What does the scam look like?

The localized sites are being spread via social networks such as Facebook, and chat apps like WhatsApp, Viber, and Telegram, luring people in with the possibility of winning a large cash prize if they send the link to their contacts. Users are told they can instantly win the prize by responding to a short survey which asks them if they use the imitated postal service, their age, their sex, and which social media they use the most, before recommending they share the chain message in order to claim the prize. 

The real prize: a fleeceware app

After the user sends out the links to their contacts, they are redirected to a fleeceware app on the Google Play Store. The app, which is advertised in Russian, poses as a postal tracking service. After downloading it, the victim is offered a paid version of the app, which costs $70 per week; this offer is written in English. The app’s only purpose is to deduct money from the victims' bank account.

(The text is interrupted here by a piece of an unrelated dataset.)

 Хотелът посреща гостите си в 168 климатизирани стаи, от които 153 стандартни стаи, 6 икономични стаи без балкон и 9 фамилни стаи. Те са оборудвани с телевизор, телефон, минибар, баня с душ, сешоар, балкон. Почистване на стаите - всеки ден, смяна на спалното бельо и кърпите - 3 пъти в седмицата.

“This type of fraud is all the more dangerous because it uses the social ties of its victims to spread. People don’t expect to receive scams from friends or family, and therefore might be more likely to fall for the scam, especially considering the sites look like they come from trusted services,” said Jakub Vávra, threat analyst at Avast. “This may be further enhanced by the localization of all the websites. What is surprising is that the fleeceware app is not localized and appears generic in comparison to the websites. Of note is that it does have overly positive and likely fake reviews in English on its profile. It is possible the scammers were planning on replacing the final payload with another app or something more malicious,” continued Vávra.

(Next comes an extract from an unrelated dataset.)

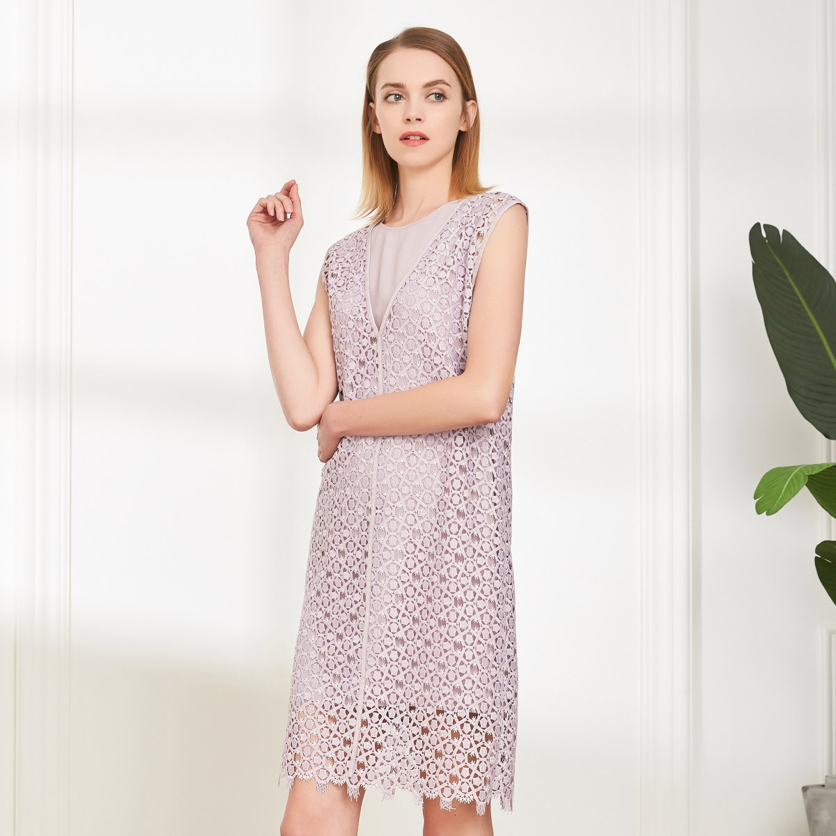 夏季温柔气质丝质时尚蕾丝相拼修身淑女中长款连衣裙 879839

How users can recognize scams

Vávra warns users that if an offer seems too good to be true, it is most likely a scam, as in this case where unlikely organizations such as national postal services are offering large sums of cash to people if they simply answer four short questions, and share a link with friends. Furthermore, scams need to spread in order to thrive. Therefore, users should be wary of any type of messaging attempting to encourage them to forward messages to friends and family. In order to check if an offer is a scam or not, Vávra says users should go to the source by contacting the organization via their social media networks and support portals advertised on their website. Finally, he recommends having antivirus software installed on all devices, which can detect and block phishing sites, protecting people from the threat before any potential harm can be done. 

How users can recognize fleeceware apps

Fleeceware apps appear in various forms and can imitate any category of application, but are commonly apps with simple features that are normally offered for a low price or for free. Vávra points out that reviews for fleeceware apps tend to be fake while those which are genuine are from users revealing the fraudulent and often broken nature of the app, or its intent to charge people large sums of money surreptitiously. Fleeceware apps usually offer a free three-to seven-day trial, but can require users to enter their payment information before the trial begins, and automatically charge them once the trial ends. Users should carefully read what happens after an app’s trial period ends and how much an app will charge after a free trial period, checking if the charge will be automatically deducted from their card on an ongoing basis, unless they cancel the subscription.